TASK GOAL:
Without changing a word, return the listing below, minus its images.

DATA SHOWN:
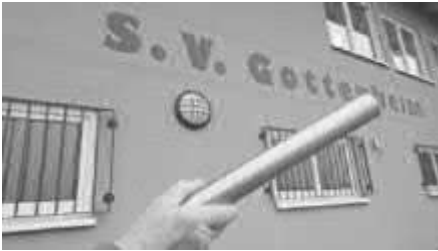
Gottenheim im Zeichen des Staffelstabs.

verzauberten. Vielen Dank für das tolle Engagement allen AthletInnen und HelferInnen bei unserem Tag im Zeichen des Staffelstabs!
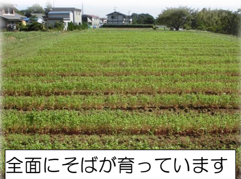
全面にそばが育っています

8月18日(日)に、3、4年生の子どもたちと保護者の皆さん、地域の方が種まきをしたそばが、種まき後、約3週間という時間が経ち、赤紫の茎が30~40cm程に成長し、小さな白い花がつきはじめています。10日(火)子どもたちが観察に行きました。秋が深まるにつれて結実して収穫となります。順調に成長してたくさんの実をつけてもらいたいです。
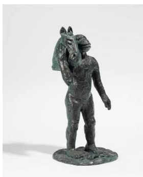
Jörg Immendorff Malerstamm Blinky Bronze, grün patiniert | 33 x 16,5 x 17cm Schätzpreis: 8.000 – 12.000 Euro

TASK RESPONSE:
Gottenheim im Zeichen des Staffelstabs.

verzauberten. Vielen Dank für das tolle Engagement allen AthletInnen und HelferInnen bei unserem Tag im Zeichen des Staffelstabs!
全面にそばが育っています

8月18日(日)に、3、4年生の子どもたちと保護者の皆さん、地域の方が種まきをしたそばが、種まき後、約3週間という時間が経ち、赤紫の茎が30~40cm程に成長し、小さな白い花がつきはじめています。10日(火)子どもたちが観察に行きました。秋が深まるにつれて結実して収穫となります。順調に成長してたくさんの実をつけてもらいたいです。
Jörg Immendorff Malerstamm Blinky Bronze, grün patiniert | 33 x 16,5 x 17cm Schätzpreis: 8.000 – 12.000 Euro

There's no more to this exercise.